#### [Work order]
Look through the entries below for the line with "大阪府吹田市よりアウディQ2" and the line with "今週の月曜日から読書旬間が始", then give again exactly those two lines and all lines between them, minus the pictures.

#### [Records provided]
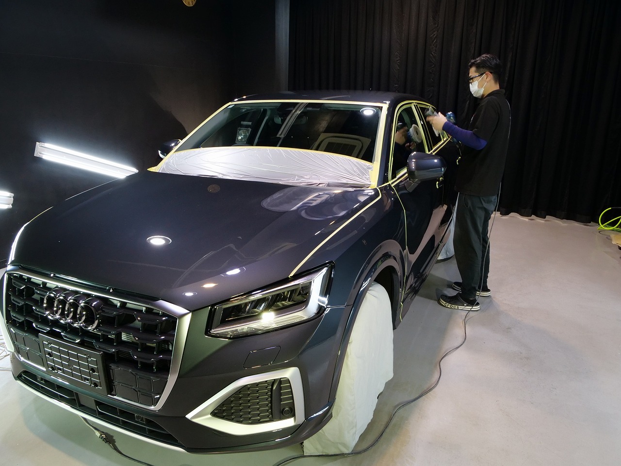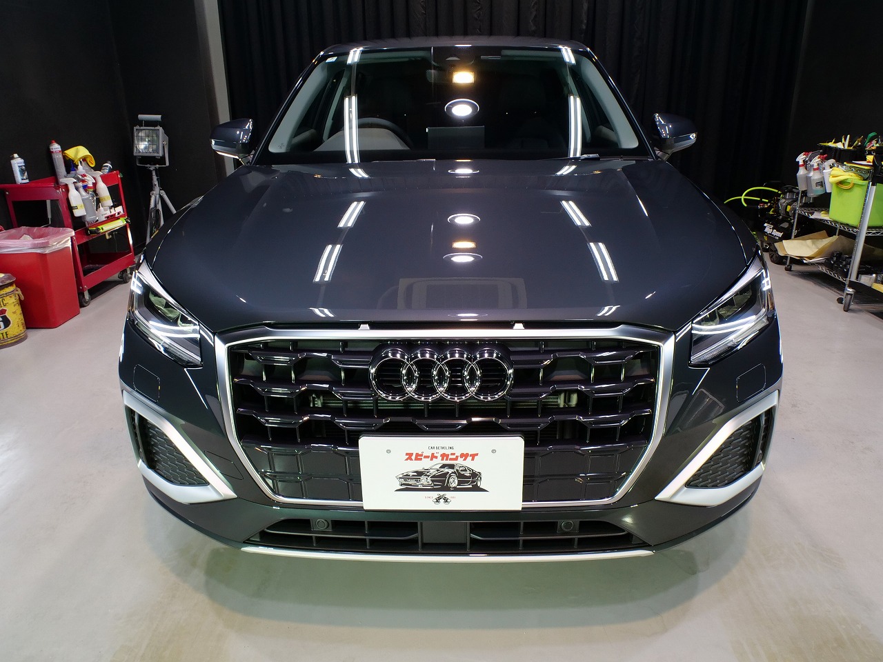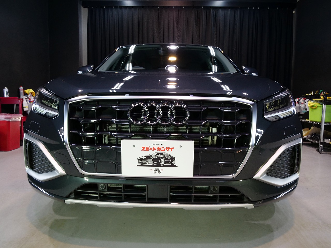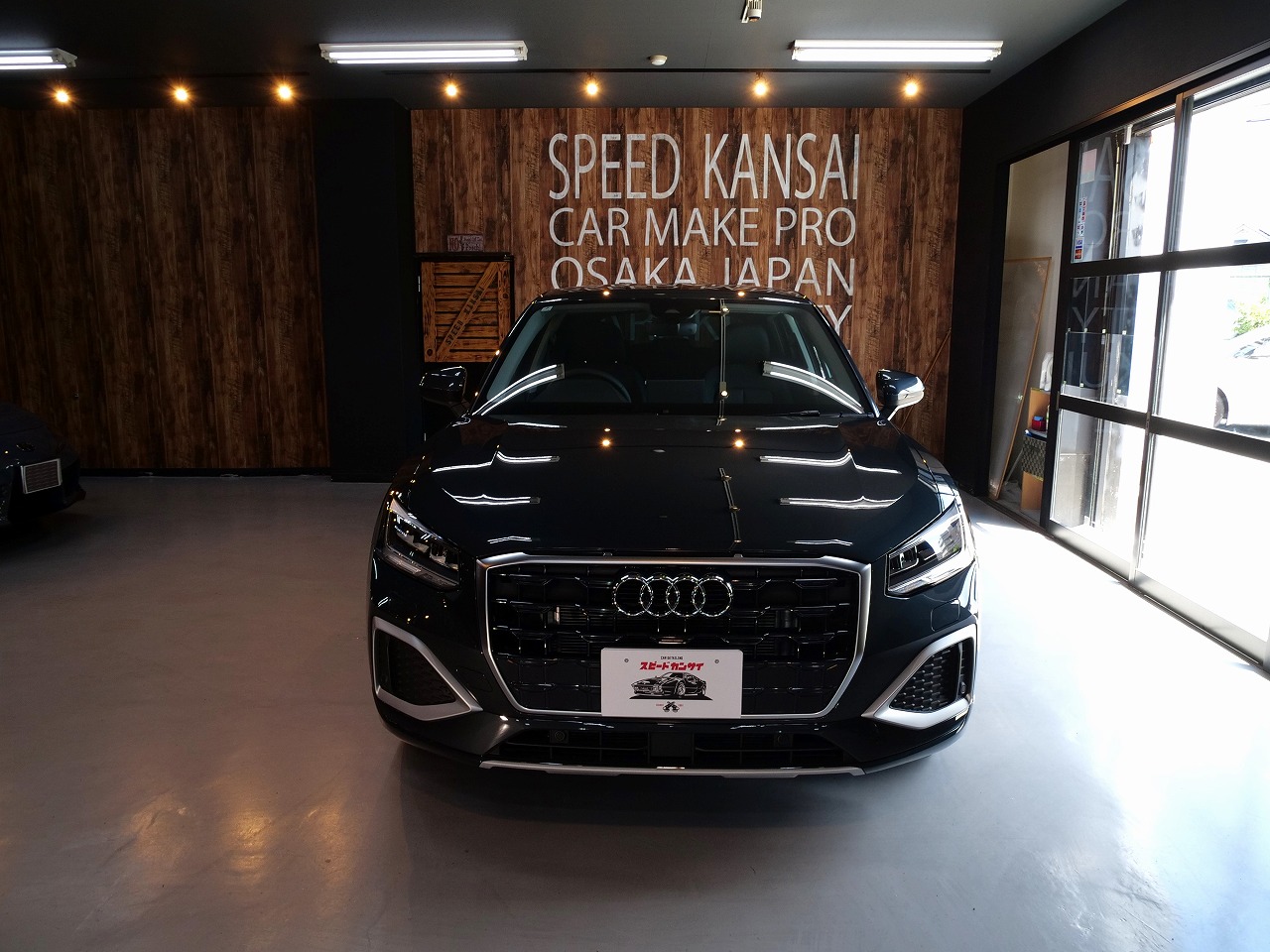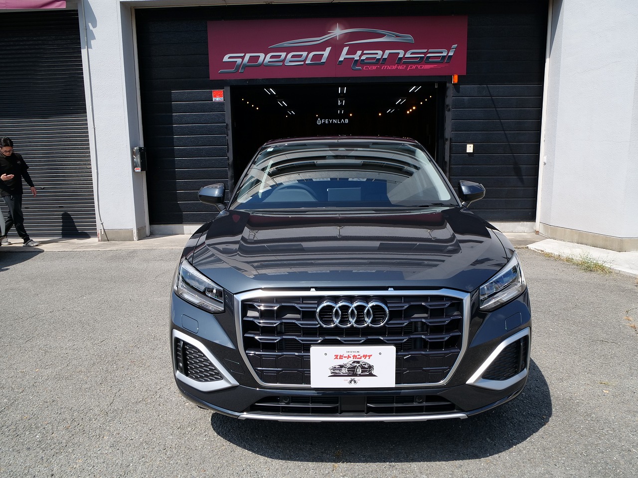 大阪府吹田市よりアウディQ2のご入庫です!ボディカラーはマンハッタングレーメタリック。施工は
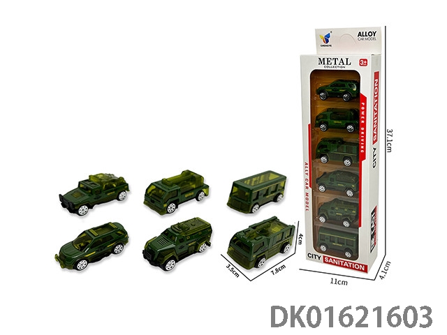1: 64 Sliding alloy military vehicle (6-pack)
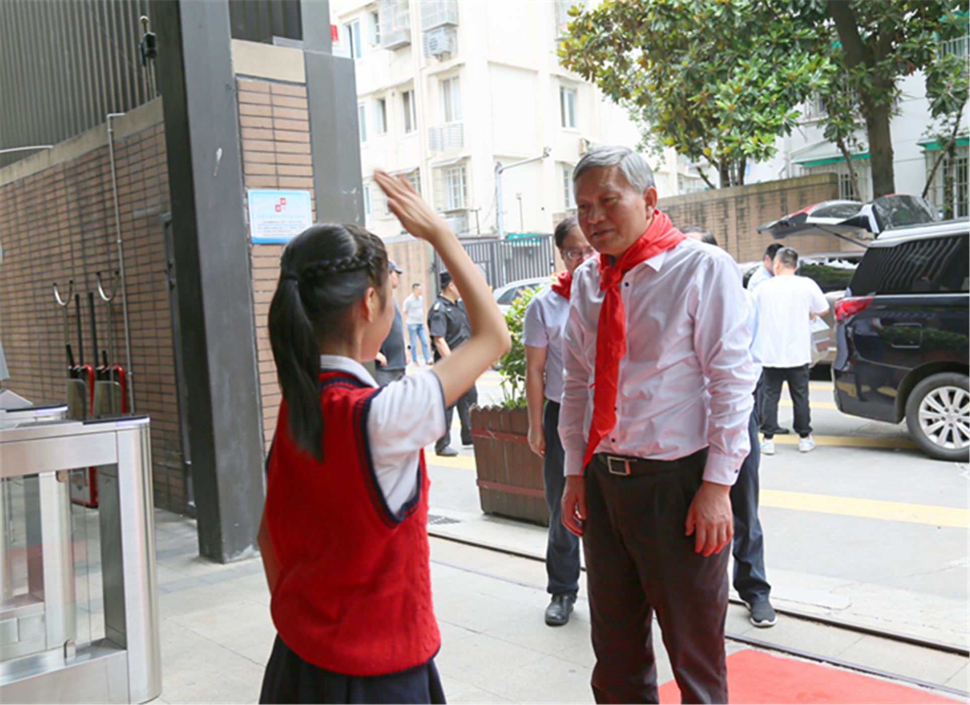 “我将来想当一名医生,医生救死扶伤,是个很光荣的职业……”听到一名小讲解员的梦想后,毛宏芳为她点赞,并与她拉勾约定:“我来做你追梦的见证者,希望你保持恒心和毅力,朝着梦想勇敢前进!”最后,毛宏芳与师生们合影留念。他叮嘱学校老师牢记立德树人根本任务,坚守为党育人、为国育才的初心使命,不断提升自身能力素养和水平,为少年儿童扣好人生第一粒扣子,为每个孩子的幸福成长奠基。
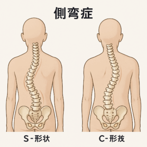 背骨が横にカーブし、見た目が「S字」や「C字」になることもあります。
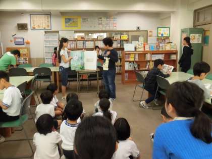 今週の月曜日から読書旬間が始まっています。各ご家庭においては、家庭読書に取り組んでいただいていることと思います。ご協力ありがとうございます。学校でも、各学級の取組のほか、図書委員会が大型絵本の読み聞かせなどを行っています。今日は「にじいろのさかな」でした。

* * *

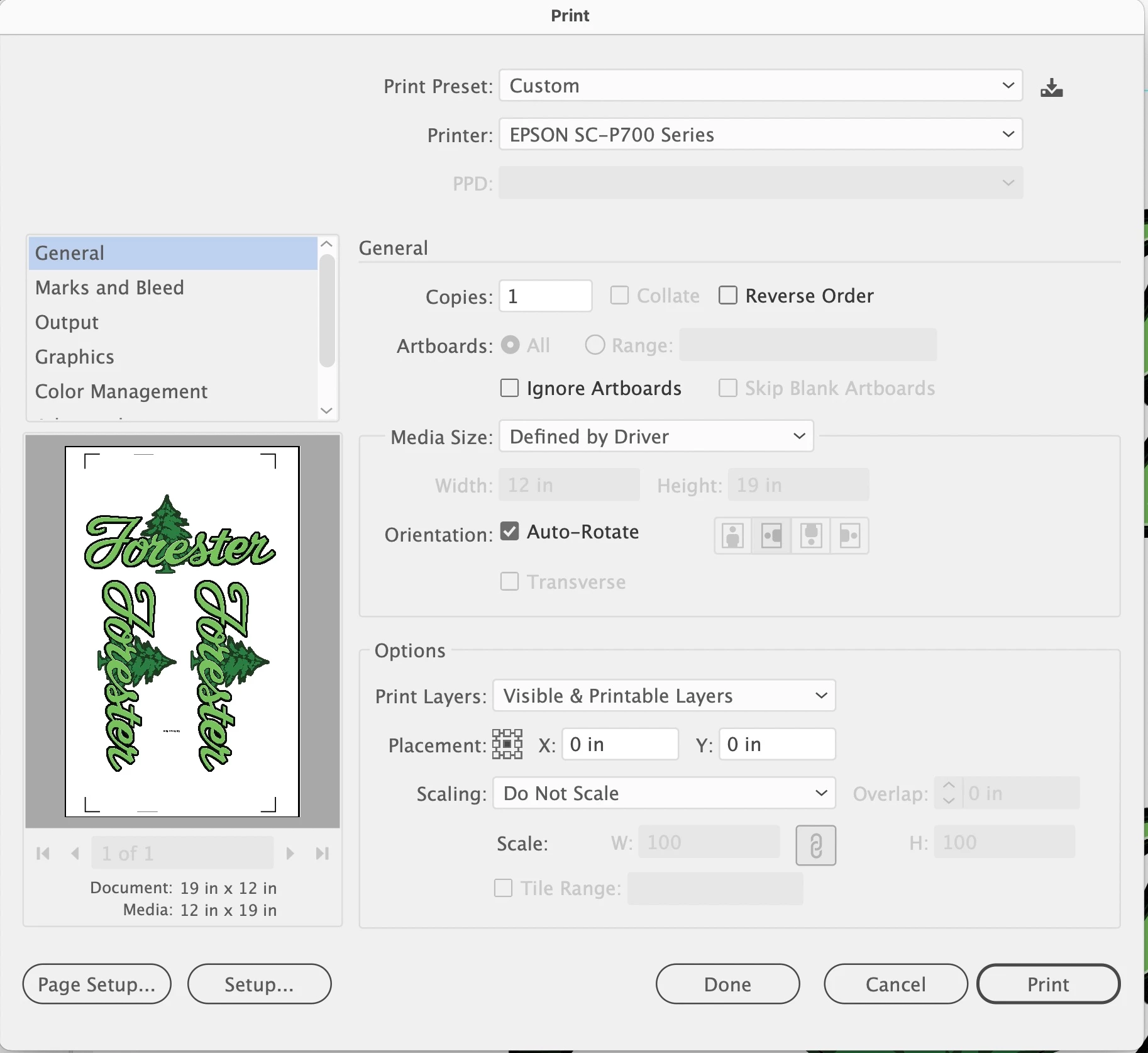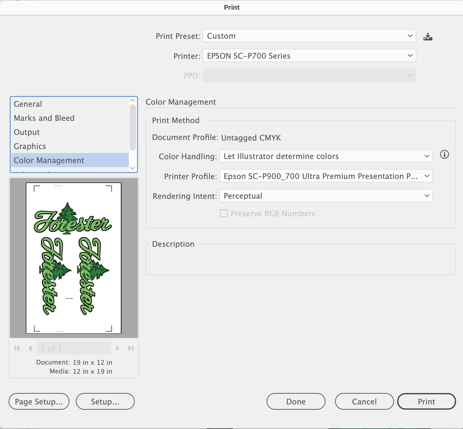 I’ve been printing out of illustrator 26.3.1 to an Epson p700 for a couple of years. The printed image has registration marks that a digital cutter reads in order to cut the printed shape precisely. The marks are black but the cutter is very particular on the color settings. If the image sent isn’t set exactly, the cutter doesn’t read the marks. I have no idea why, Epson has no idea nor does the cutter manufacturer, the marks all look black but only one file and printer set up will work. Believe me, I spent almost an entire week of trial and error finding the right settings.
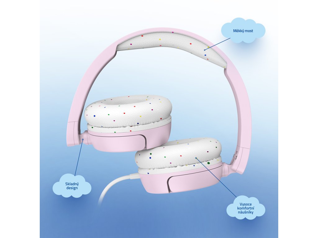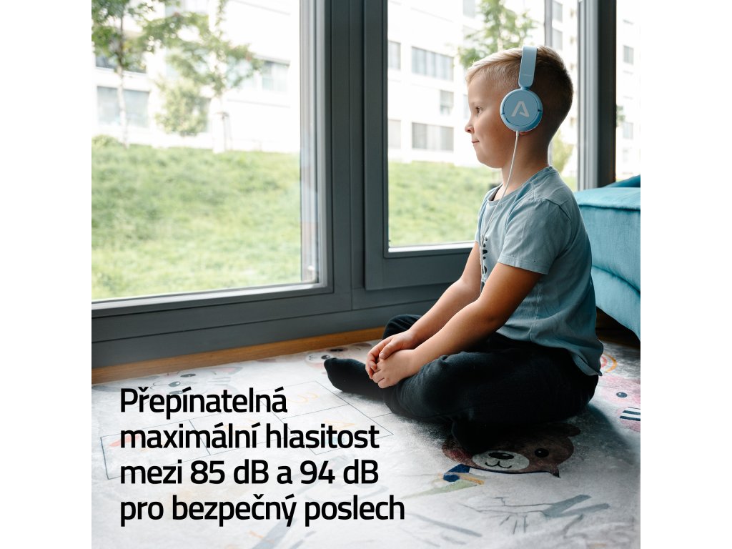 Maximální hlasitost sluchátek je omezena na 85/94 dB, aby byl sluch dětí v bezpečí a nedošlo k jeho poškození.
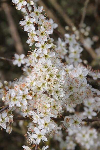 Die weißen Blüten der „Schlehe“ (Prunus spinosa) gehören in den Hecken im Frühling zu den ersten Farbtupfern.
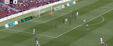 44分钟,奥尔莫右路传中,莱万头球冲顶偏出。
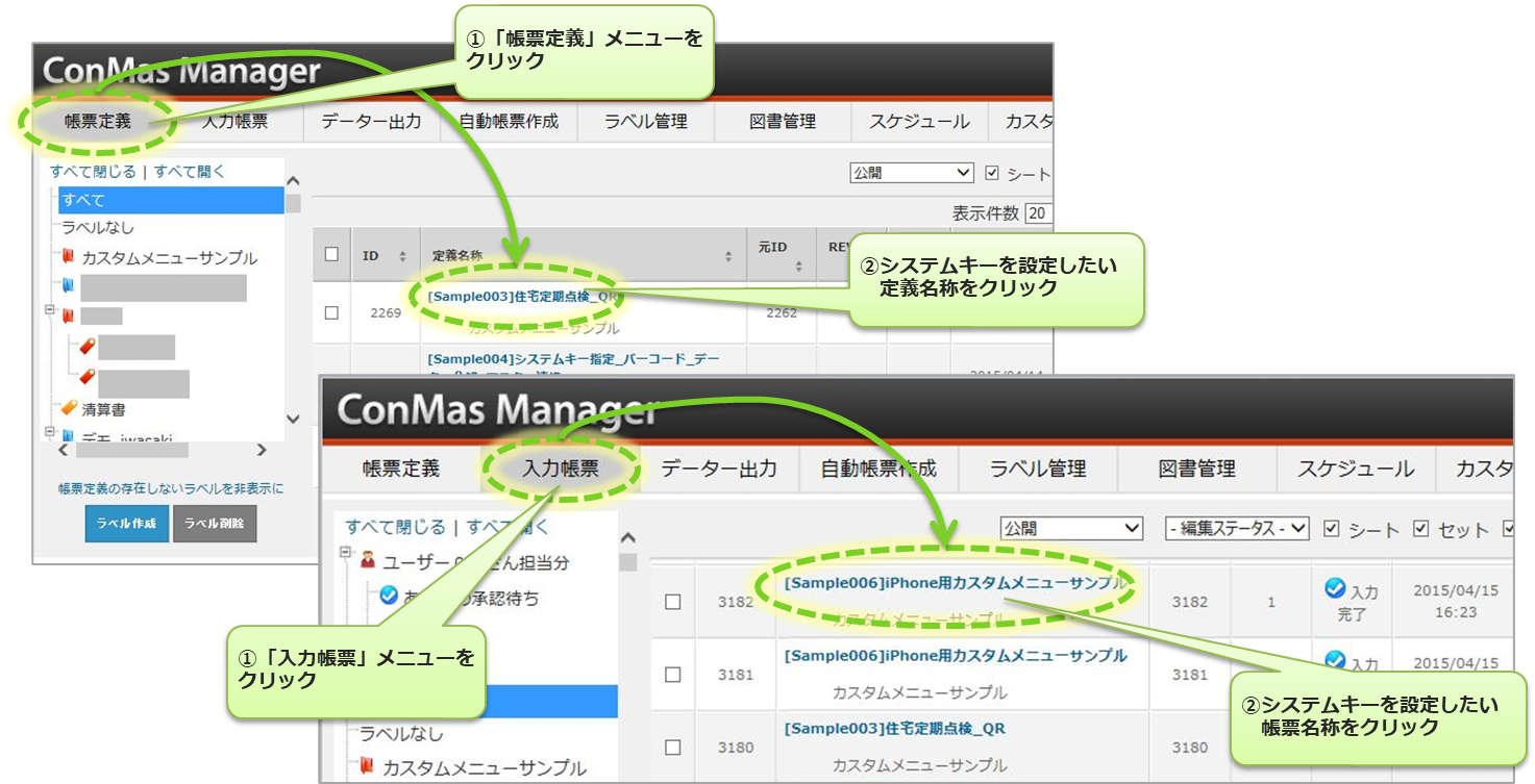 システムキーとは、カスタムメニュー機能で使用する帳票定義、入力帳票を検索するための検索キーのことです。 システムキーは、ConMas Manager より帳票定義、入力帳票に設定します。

#### [Solution to this task]
 大阪府吹田市よりアウディQ2のご入庫です!ボディカラーはマンハッタングレーメタリック。施工は
1: 64 Sliding alloy military vehicle (6-pack)
 “我将来想当一名医生,医生救死扶伤,是个很光荣的职业……”听到一名小讲解员的梦想后,毛宏芳为她点赞,并与她拉勾约定:“我来做你追梦的见证者,希望你保持恒心和毅力,朝着梦想勇敢前进!”最后,毛宏芳与师生们合影留念。他叮嘱学校老师牢记立德树人根本任务,坚守为党育人、为国育才的初心使命,不断提升自身能力素养和水平,为少年儿童扣好人生第一粒扣子,为每个孩子的幸福成长奠基。
 背骨が横にカーブし、見た目が「S字」や「C字」になることもあります。
 今週の月曜日から読書旬間が始まっています。各ご家庭においては、家庭読書に取り組んでいただいていることと思います。ご協力ありがとうございます。学校でも、各学級の取組のほか、図書委員会が大型絵本の読み聞かせなどを行っています。今日は「にじいろのさかな」でした。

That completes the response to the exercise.